Konuşunca, çok yüksek seslenmeyesin. Muhatabın işiteceği kadar ve ağır söyleyesin.
 
Kendin için susmayı ve az hareketi âdet edesin. Böylece sabır ve sebatını herkes bilsin.
 
İnsanlar içerisinde Allah-û Teâlâ'yı çok an ki, O'nu senden öğrensinler.
 
Beş vakit namazın arkasından kendin için öyle vird kabul et ki, onda Kur'an okuyup, zikr ile şükrünü yapasın.
 
Her ayda birkaç gün oruç tut.
 
Nefsini murakabe edip, ilmi muhafazaya alasın. Böylece amelinle iki dünyada menfaatlenesin. İnsanlarla olan işlerini o görsün.
 
Elinde bulunan dünya devletine ve bedenin sıhhatine itibar ve itimad etmeyesin. Böylece hepsinden sorguya çekildikte ümidsizliğe düşmeyesin.
 
Sultan seni kendi yakınlarından ederse de, sen bu yakınlığını insanlara duyurmayasın. Zira sultana yakınlığı izhar edince, insanların ihtiyac ve işlerinin yeri olursun. Hepsinin işlerini görmeyi boynuna alırsan, sultanın gözünden düşüp hakaret bulursun. Yapmazsan ayıblanır, insanları darıltmak sıkıntısında kalırsın.
 
Halkın hâtâsını örtüp, doğruluğuna uyasın.
 
Kötü bildiğin kimseyi, kötülüğü ile anmayıp bir iyiliğini bulup, onunla söyleyesin.
kötülüğü din hakkında ise, onu insanlara söyleyesin ve ona uymaktan onları koruyasın.
 
Hak Teâlâ bu din-i mübinin yardımcısıdır. O halde sen, makam sahiblerinin dininde gördüğün sakatlıkları bir kere söylersen Allah-û Teâlâ yardımcın olur. İnsanlar senden elbette çekinir.
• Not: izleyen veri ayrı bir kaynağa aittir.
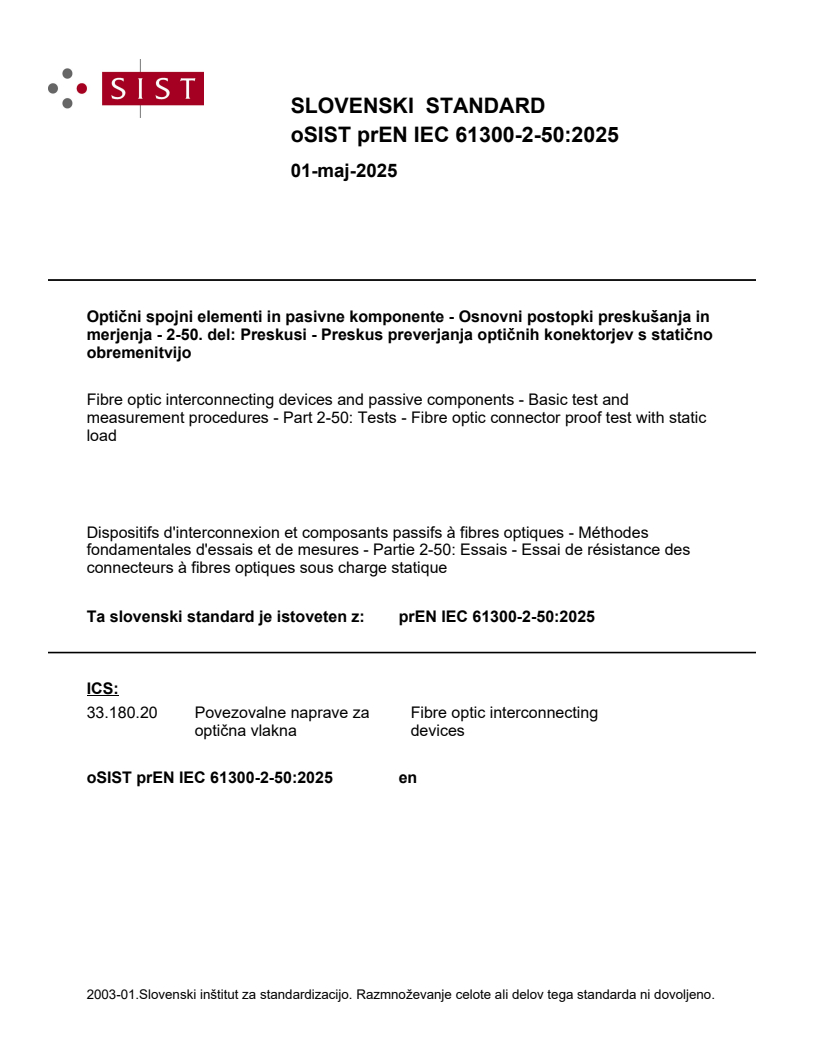 Ta slovenski standard je istoveten z: prEN IEC 61300-2-50:2025

Ne kimse dinde bir bid'at çıkarabilir, ne de bozukluğu o halde kalır.
 
Sultanından ilme uymayan amel görürsen, ona saygılı tatlı dille söyleyesin. Çünkü onun eli, senin elinden kuvvetlidir.
Bir sözü bir kere demekle yetinesin. O makam sahibi, o bozukluğu gıyabında söylemekle senden çekinmediyse, yine işleyip terk etmediyse, sarayına gidip, yalnız olarak tatlı dille nasihat edesin. Bid'at sahibi ise, münazara ile Kitab ve sünnetten hatırına geleni söyleyesin. Kabul ederse ne âla, yoksa onu kızdırmaktan çekinesin. Sakın ölümü unutmayıp, Hak Teâlâ'dan üstadların için mağfiret ve rahmet dileyesin.
 
Kur'an-ı Kerim okumaya devam edip, kabir ziyaretlerine ve meşayıhı görmeye ve kıymetli yerlere çok gidesin.
 
Avamın sana arzettikleri enbiya ve salihleri, mescid, menzil ve mezarlar hakkında gördükleri rüyaları kabul edesin.
 
Küfr ve bid'at ehlinden bir kimse ile oturup konuşmayasın. Mümkünse dine davet edesin. Yoksa oyun meclislerine gitmeyesin.
 
Müezzin ezan okuyunca, hazır olasın. Böylece avamdan önce mescide gelesin.
 
Hakimin evine yakın evde oturmayasın.
 
Komşundan gördüğün ayb, emanettir; saklayıp, kimsenin sırrını kimseye söylemeyesin.
 
Bir iş için seninle meşveret edene doğruyu söyleyesin. Seni Mevlâ'ya yakın eden işleri O'na gösteresin.
 
Benim bu vasiyyetlerimi can ile kabul kılasın. Bunlarla dünya ve ahiretinde fayda bulasın. Tevfik-i Hakk'ı refik bulasın.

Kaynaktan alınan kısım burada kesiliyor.